The responses of watershed systems and ecosystems to environmental management actions at any location can vary from rapid changes (such as the swift beneficial effect of a wastewater treatment plant upgrade) to longer improvement intervals of several decades. In the Chesapeake Bay, “lag response time” refers to the time between implementing management actions and the resulting improvements in water quality. Lag times will vary for nitrogen, phosphorus, and sediment.
This USGS study focused on nitrogen. Some of the nitrogen will run off directly into a stream, but a large portion on the Delmarva (more than two thirds) is affected by the slow travel times of nutrients moving from their land source through underground aquifers to a receiving stream or estuary.
Sources of nitrogen include fertilizer and manure applications to agricultural land, wastewater and industrial discharges, runoff from urban areas, domestic septic drain fields, and air emissions. Excess nitrogen contributes to algal blooms that cause low dissolved oxygen in the Bay and related fish kills each summer and impact recreational activities.

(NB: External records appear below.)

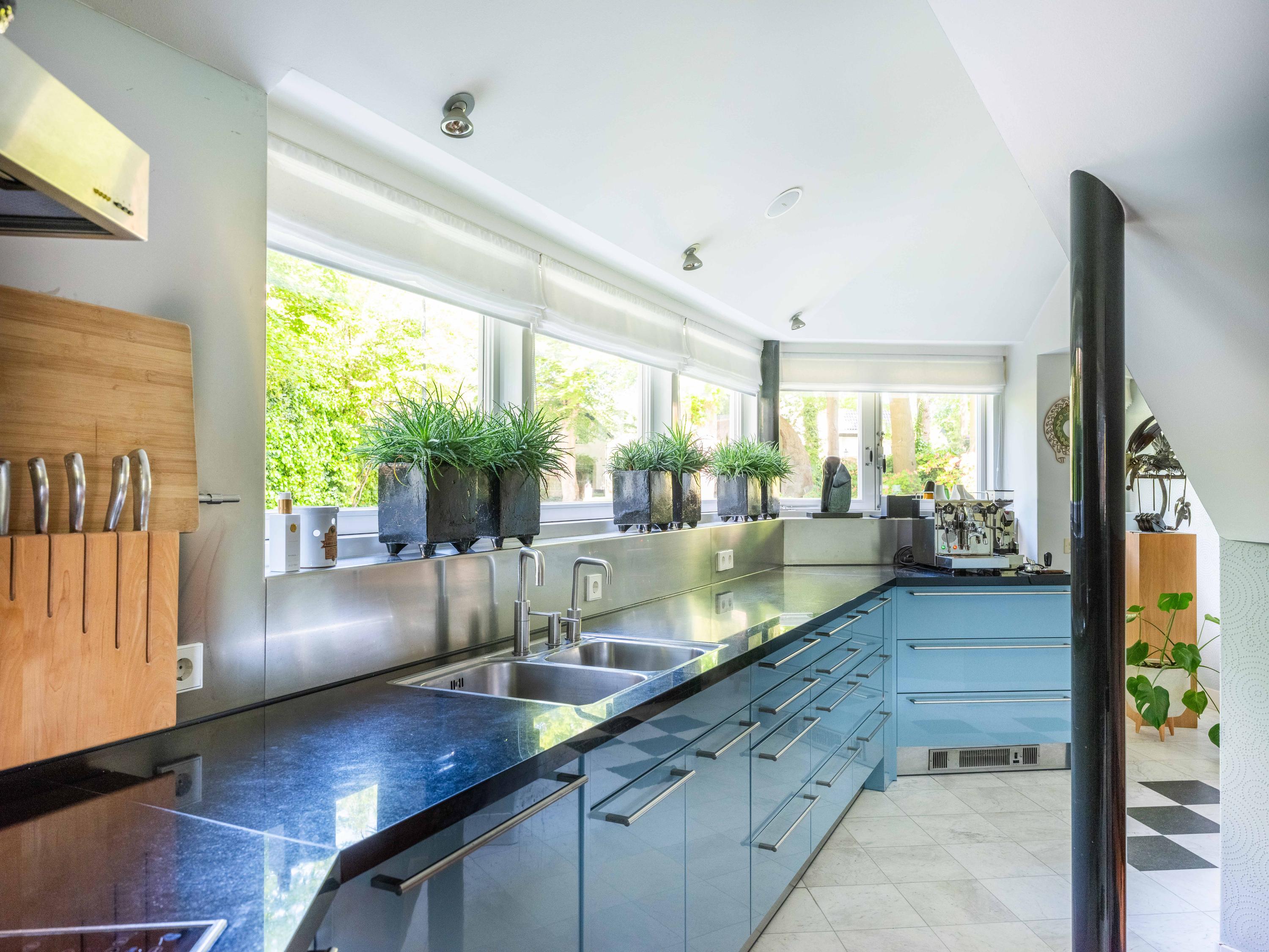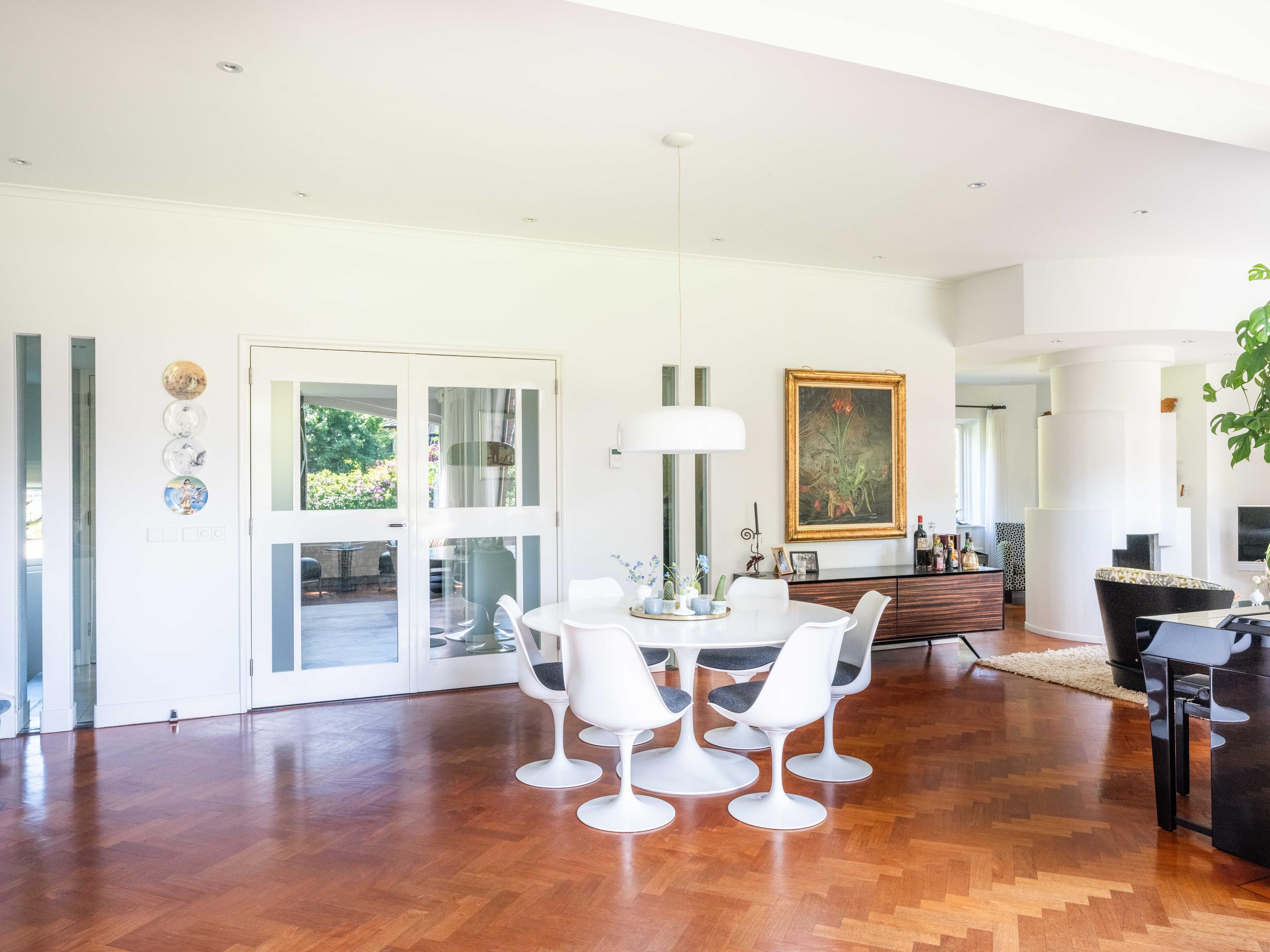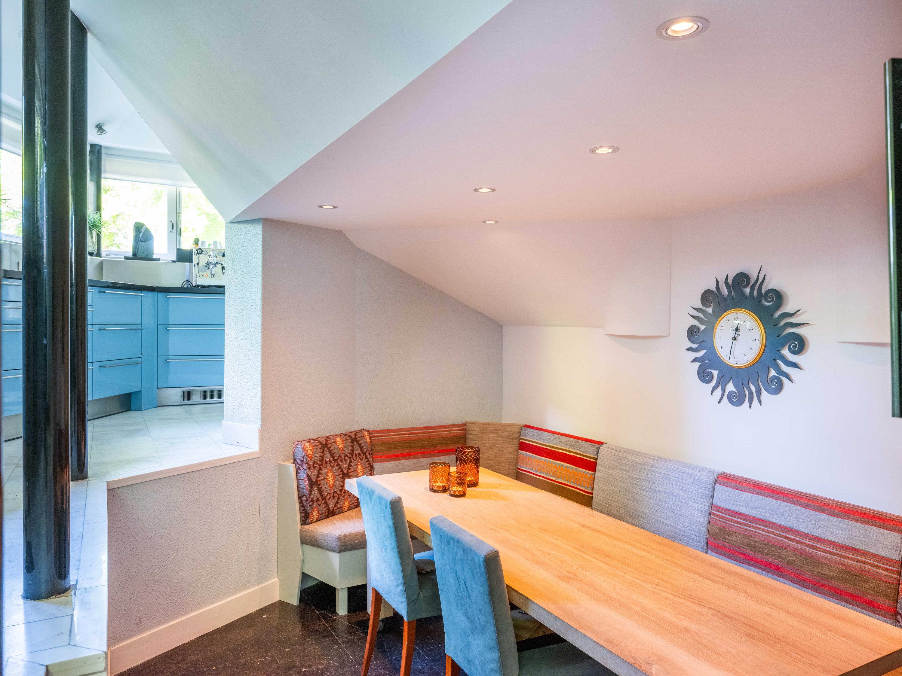 A few steps down from the hall leads to the kitchen, equipped with modern built-in appliances. Its shape, a half hexagon, gives it a playful and unique design, as does the dining area with space for a large table, which is one level lower.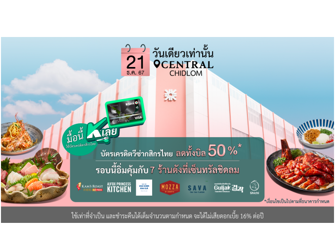 บัตรเครดิตวีซ่ากสิกรไทย เสิร์ฟความอิ่มอร่อยสุดคุ้มอีกแล้วกับแคมเปญ “มื้อนี้ K เลย” ลดทั้งบิล 50%* (สูงสุด 500 บาท) โปรแรงถูกใจสายกินครั้งนี้ ได้ฟินจัดกับความอร่อยล้ำของ 7 ร้านอาหารดังระดับพรีเมียมที่เซ็นทรัล ชิดลม วันเสาร์ที่ 21 ธันวาคม 67 นี้ วันเดียวเท่านั้น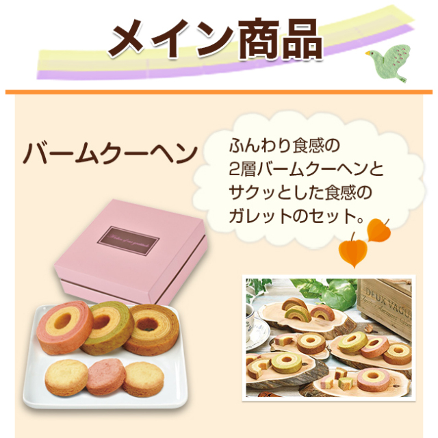 バームクーヘン ●2層バウムクーヘン(キャラメル&ミルク・ストロベリー&ミルク・抹茶&ミルク)×各1、マドレーヌ×2●賞味期限:製造日から25日間●化粧箱:16×16×6cm●アレルギー【小麦・卵・乳成分】 |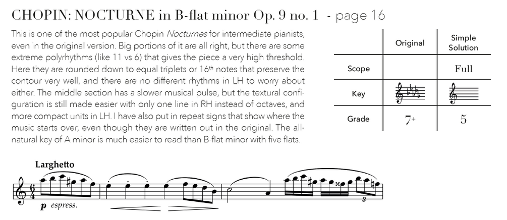 The whole volume comes in two versions: with arrangements both transposed to easier key signatures as well as kept in their the original keys. The "Easy Keys" transposed version is recommended for the most comfortable Simple Solutions experience. It's much easier to read notes without many sharps or flats, which frees up a lot of attention for all other musical aspects only at a cost if you have perfect pitch. The version in original key serves the purpose of constituting a proper stepping stone if you wish to continue with the full original later on, whithout having to unlearn all harmony because it was in the wrong key.

For this study USGS scientist Ward Sanford developed a complex model for water, geology, and chemical interactions that he applied to seven separate watersheds on the Delmarva Peninsula. Based on the concept of nitrogen mass-balance regression, the model was able to reproduce the time history of nitrate concentrations in area streams and wells, including a recent slowdown in the rate of concentration increase in streams. The model was then also used to forecast future nitrogen delivery from the Delmarva Peninsula to the Bay under different nitrogen management scenarios.
The new study shows that ages of groundwater and associated nitrogen from the Delmarva Peninsula into the Chesapeake Bay range from less than a year to centuries, with median ages ranging from 20 to 40 years. These groundwater age distributions are markedly older than previously estimated for areas west and north of the Bay, which has a median age of 10 years. The older ages occur because the porous, sandy aquifers on the Delmarva yield longer groundwater return times than the fractured-rock areas of the Bay watershed.

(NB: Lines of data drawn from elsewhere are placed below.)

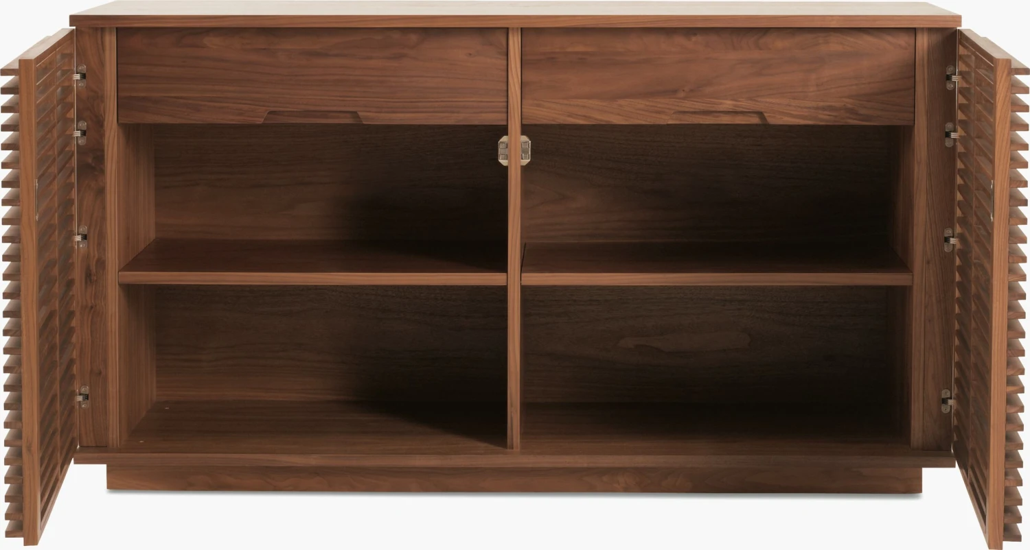 - Through-bottom cord escapes so credenza can float within a room.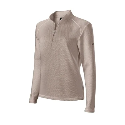 Sporty sweatshirt for women, Ideal for colder temperatures Lightweight fit for a relaxed and fresh feel Short 1/2 zip on the front for regulating the temperature and easy dressing and undressing Polyester material with stretch inserts for improved moisture control and greater freedom of movement Contents: 1x Wilson Staff Women's Golf Shirt, Polka Dot Thermal Tech, Material: 92% Polyester / 8% Elastane, Colour: Grey (Tan), Size: S, WG6004501SM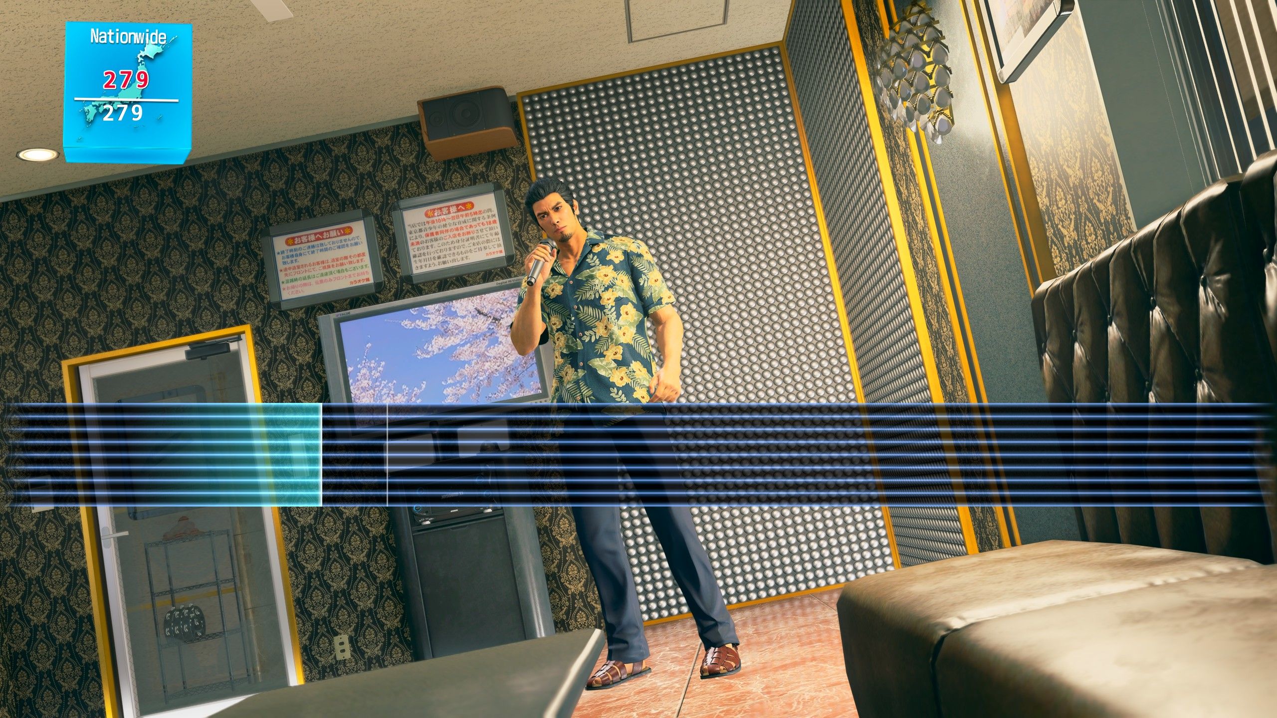 Head north on N Kubochi Rd. to find the Karokekan. It costs 1,000 Yen per person to play, and you’ll get to try seven songs, aiming for the highest score by hitting the controller buttons in time with the music. This is where you can unlock the chance for Kiryu to sing Baka Mitai!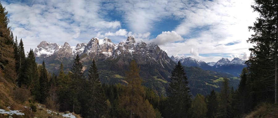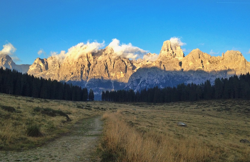 Se invece optate per una semplice passeggiata, dal ristorante Miralago Calaita proprio accanto al parcheggio (foto sopra), prendete la strada forestale sentiero 350-16 e poi sentiero 9, che vi porta fino a Malga Scanaiol, quota 1745. Dal lago impiegherete circa 1 ora con poco dislivello, circa 200 metri, non percorribile con passeggino. La malga è chiusa, ma la sua posizione è meravigliosa per ammirare le Pale di San Martino.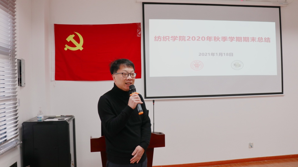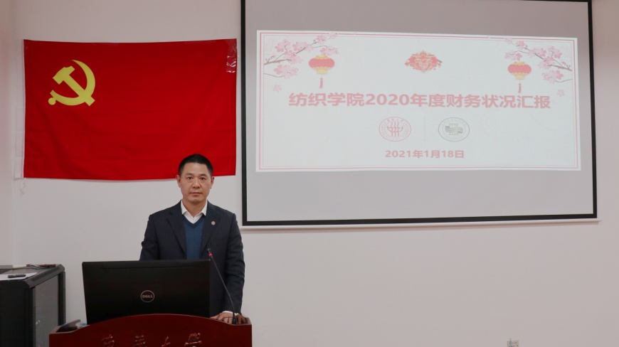 顾伯洪院长首先代表学院党政班子汇报学院2020年工作。总结报告分党建引领、制度建设、一流学科、“十四五”发展规划、第五轮学科评估、学生工作、人才培养(本科和研究生)、科学研究、师资队伍、国际合作、基础建设、工会组织等方面进行汇报,对学院全体教师2020年的工作给予了充分的肯定并希望在2021“十四五”的开局之年坚定全面建成纺织领域的世界一流学科的愿景目标,强化党建引领和学科统筹作用,推进学院高质量发展。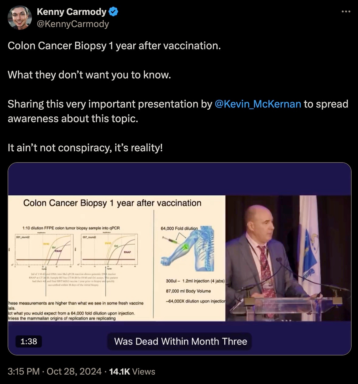 The video clip of Kevin McKernan providing absolutely indisputable proof that most of humanity has already been genetically modified, and are now walking VAIDS spike protein factories that will continue to drive the rapidly worsening turbo cancer epidemic:

The USGS research found that in some areas of the Delmarva the groundwater currently discharging to streams is gradually transitioning to waters containing higher amounts of nitrate due to fertilizer used during the 1970s through the 1990s. Similarly, the total amount of nitrogen in the groundwater is continuing to rise as a result of the slow groundwater response times.
Without additional management practices being implemented, the study forecasts about a 12% increase in nitrogen loads from the Delmarva to the Bay by 2050. The study provides several scenarios for reducing nitrogen to the water table and the amount of time needed to see the reductions in groundwater discharging to streams. For example, the model predicts that a 25% reduction in the nitrogen load to the water table will be required to have a 13% reduction in load to the bay.

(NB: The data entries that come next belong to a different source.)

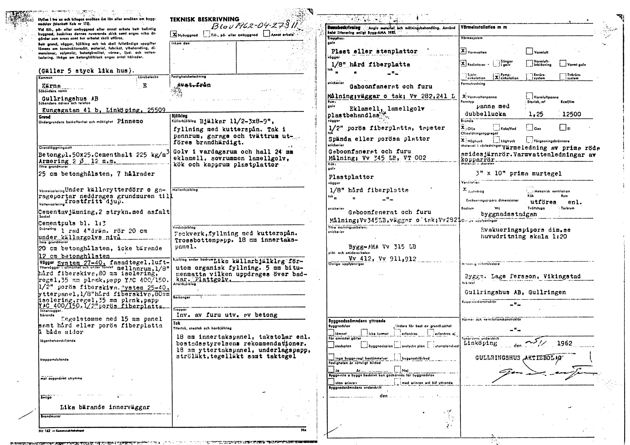 Svartvit bild på teknisk beskrivning och sektionsritning för byggprojekt från 1962.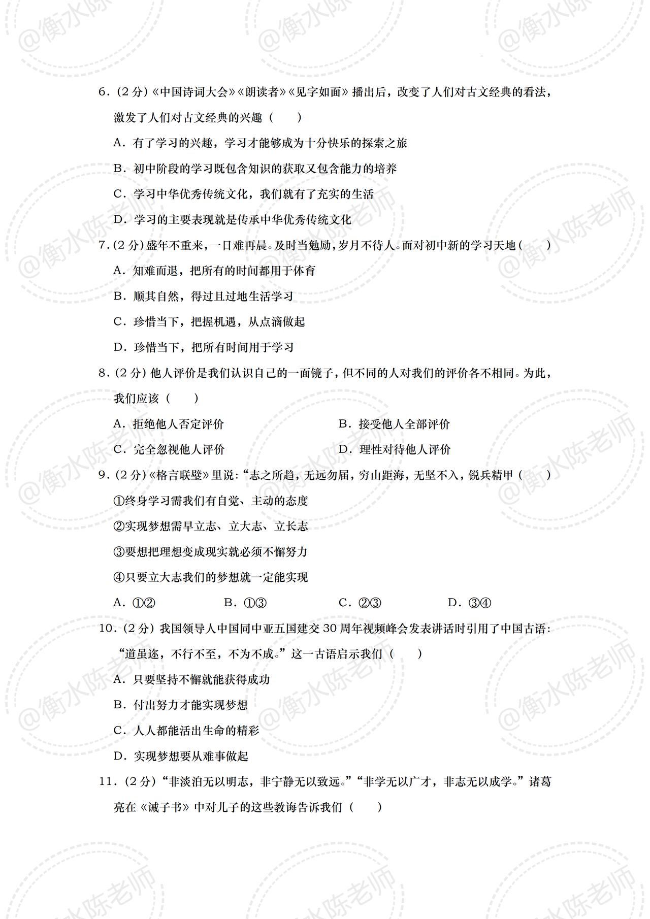 七年级上学期道德与法治,第一次月考重点考题公布,考题根据不同城市、版本和学校编写的重点考题,月考之前做一遍,同学们第一次接触道德与法治,一定要考个好成绩哦,需要自己城市月考卷的,跟我沟通哦。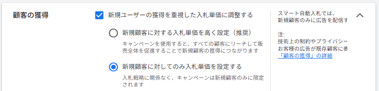 ただし、Google広告の「新規顧客の獲得」目標(顧客ライフサイクル目標)では、コンバージョントラッキングデータに基づくGoogleの自動検出がデフォルトで有効になっています。カスタマーマッチリストは使えなくても、過去540日間の購入コンバージョンデータをもとにGoogleが自動で新規・既存を判別する方法は利用できる可能性があります。精度はカスタマーマッチ併用時より低下しますが、購入のコンバージョントラッキングが正しく設定されていれば検討の余地があります。
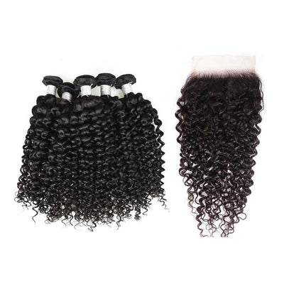Wolf king curly 4 bundles with 5*5 HD transparent closure natural color virgin human hair weft

However, the results also indicate that nutrient management practices implemented over the past decade or so have begun to work and confirm that the amount of the nitrogen loading to streams in the future will depend on the rigor of water-quality practices implemented to reduce nutrients at present.
This study highlights the complexities of environmental restoration of the Bay. The findings help refine the expectations of resource managers and citizens alike of how long it may take to see substantial water-quality improvements in the Bay, and they may provide additional insight into the effectiveness of different types of land management practices given the time lag created by local groundwater response times.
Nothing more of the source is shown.